The only comment needed.
I can’t be happy about this, because nothing about this entire story is good.
This case doesn’t address or set precedent for the usual style of police killings, which happen in the line of duty.
The woman officer made terrible mistakes, and being tired after your shift is no excuse for killing someone. She could have simply walked away and been safe, and it appears from transcripts that she knew this. He behavior was horrible, and it cost someone else their life. And her own life, while not ended, has been basically ruined because of her mistakes.
But I doubt that the castle rules will change. And I doubt that police training will change. And I see no reason this will effect prosecuters’ decisions to not charge police who kill people in their usual style.
Perhaps the upside is that there is a bit of justice being meted out for someone who killed another person. But it is a story overflowing with horrible stuff.
If only there was some way to prevent the prolific spread of needless firearms…
No, it hasn’t. Nobody knows what her story will be once she gets out of prison. However, we all know how Jean’s story ends.
I was in the same boat, but upon reading some folks with closer knowledge of the trial it seems likely that the judge did so out of an abundance of caution to avoid handing the defense an issue for appeal. Makes sense, and it worked out, so good job all the way around.
Something has never added up about this story.
The entire defense was based on how she didn’t realize she was not in her own apartment. And that the lights were off. And rather than retreat, she drew and fired, under some twisted, confused rendering of castle doctrine.
Reports I’ve read say that he was eating ice cream on the couch, rose up and walked towards her, presumably to shoo her out and lock the door behind her. Or was it? She said she feared for her life. But if this dude had a bowl of ice cream, what is threatening? Other than his brown skin? Or were the lights actually off?
witnesses allegedly heard pounding on Jean’s door and a woman’s voice shouting " let me in " before Jean was shot.
I wonder if in her time policing, she ever had other serious lapses of judgment? Was something else going on?
Early on, there were rumblings of a relationship, but those were debunked and Jean’s relatives say they didn’t even know each other.
Was she drunk? High? On something else? What got into her to do this?
Nah, pretty sure it was this one.
Trying to use the castle doctrine was a Hail Mary attempt by the defense. If the jury had gone for it that would have been a real miscarriage of justice IMHO.
But I’d really like to point out just how fucked up the “shoot first ask questions later” move by the cop was. I know some survivalist-style training systems will emphasize reacting over thinking because if you stop to think you are dead, but that’s an absolutely terrible mindset to have when dealing with regular people. It leads directly to tragedies like this.
In Texas the sentence for murder is from 5 to 99 years in prison. So there is judges discretion, but not that much
edit: It is the jury not the judge that will decide the sentence
Criminal trials are not supposed to work like that – if Alice is acquitted, Bob can’t cite it as evidence that he should go free too – but in practical terms, if other people haven’t been convicted, it affects prosecutors’ decisions to file charges or not in the future
Agree, but there is more to it that doesn’t add up. If they didn’t know each other, then when she was pounding on the door shouting “let me in!” then at that point, she didn’t know he was brown. I am just totally confused at how this situation played out. There are several other obvious why’s that remain unanswered.

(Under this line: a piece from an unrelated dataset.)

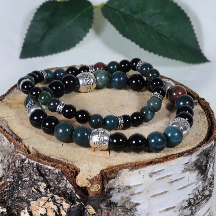 Bracelet élastique en Onyx, Jaspe Héliotrope et perles en acier.

It’s just going to have to go down in history as another crazed Becky with a gun shooting an unarmed black man in his own home.
Maybe Dateline will eventually interview her and Lester Holt can grab her by the neck and shake some answers out of her.

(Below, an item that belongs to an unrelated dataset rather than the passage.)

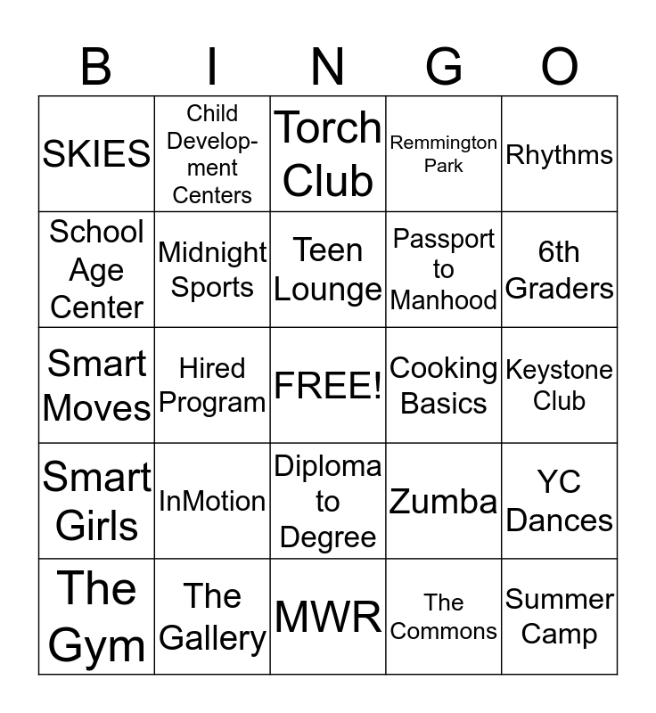 This bingo card has a free space and 24 words: InMotion, The Gallery, Teen Lounge, The Gym, Rhythms, SKIES, School Age Center, Child Develop-ment Centers, Cooking Basics, Diploma to Degree, Passport to Manhood, Smart Moves, Zumba, YC Dances, Midnight Sports, The Commons, Keystone Club, Torch Club, 6th Graders, Hired Program, Summer Camp, Smart Girls, Remmington Park and MWR.

the jury may not have believed her at all
I though it was, that is how we have a Miranda Warning, and how standards for what a cop can and can’t attain people for at traffic stops, and all manner of other interpretations of criminal law come about.
So if this trial did end up “not guilty” because she had a belief that she was in her own home, future trials could more easily turn on that same defense (they would still have to show the shooter really thought it was their home…if I live in a trailer it would be hard for me to shoot someone to death in a mansion and claim I thought I was home…well, unless I guess I once lived there?).

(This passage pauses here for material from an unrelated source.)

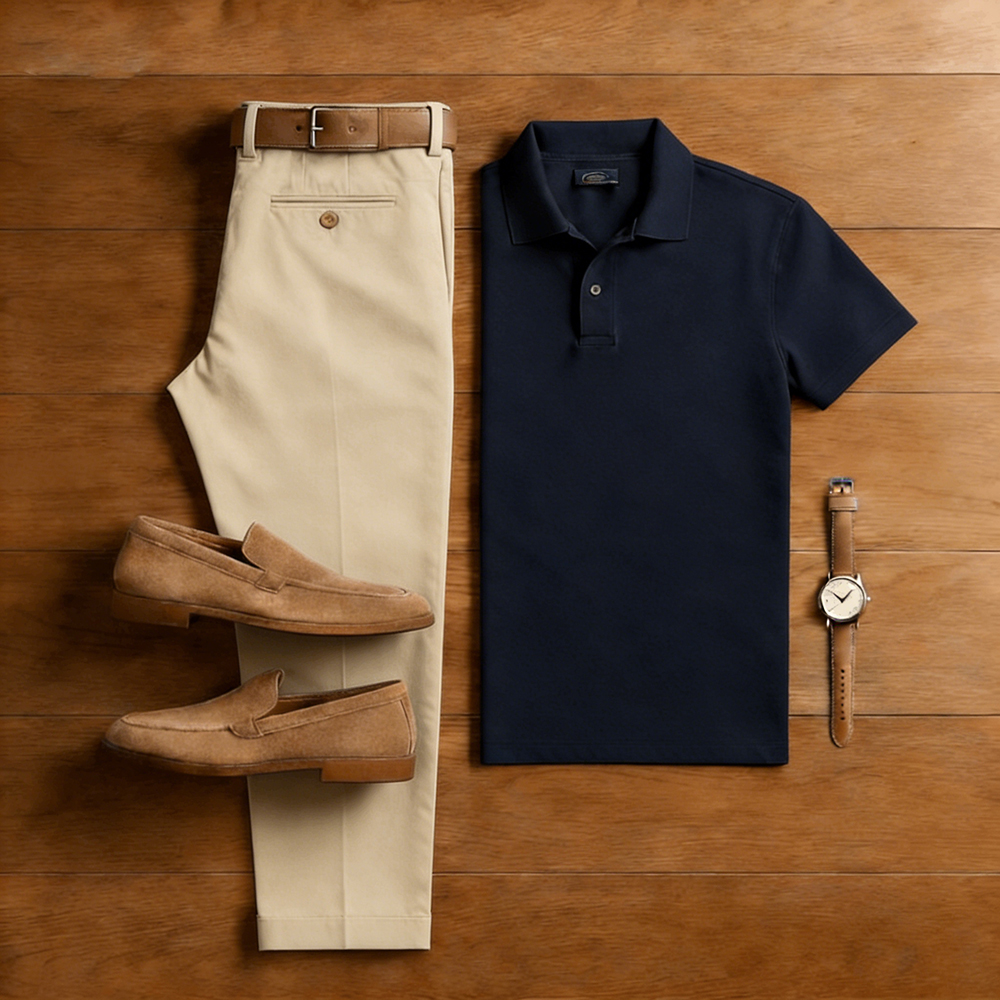 Men's Casual Navy Blue & Khaki Solid Color Matching Short Sleeved Polo Shirt & Trousers Two-Piece Set

Of corse a jury can decide not to care about precedent, a judge will tell them they need to care, but they don’t actually have too.
I believe the things you’re talking about come from appeals court rulings, not jury decisions
which is of course the next step here as well
Also worth mentioning… `
`There were 5
— Naima
Black people and 5 non-Black POC on this jury. That’s how this verdict
happened. DO NOT SKIP JURY DUTY, PLEASE.
Cochrane (@naima) October
1, 2019
Yahhhhhh, ok, you have a point. Definitely the things I gave as examples were appeals, at least one to the supreme court. I don’t know if a jury decision is a less powerful president. What little law training I had is um, pushing 30 years ago, and if I once knew this finer point I can’t recall it now.
LawTwitter consensus seems to be that the judge allowed them to present that as a defence to stop them appealing any conviction on the grounds she didn’t allow it.
Worse and worse. I think this is one that the more I try to slice and dice it to make sense of it, the less it will. It’s Becky with a gun instead of a cell phone, that’s what it is.
Makes me wonder if all those other Beckys who call for help had guns instead of phones, if there would be a lot more dead POC.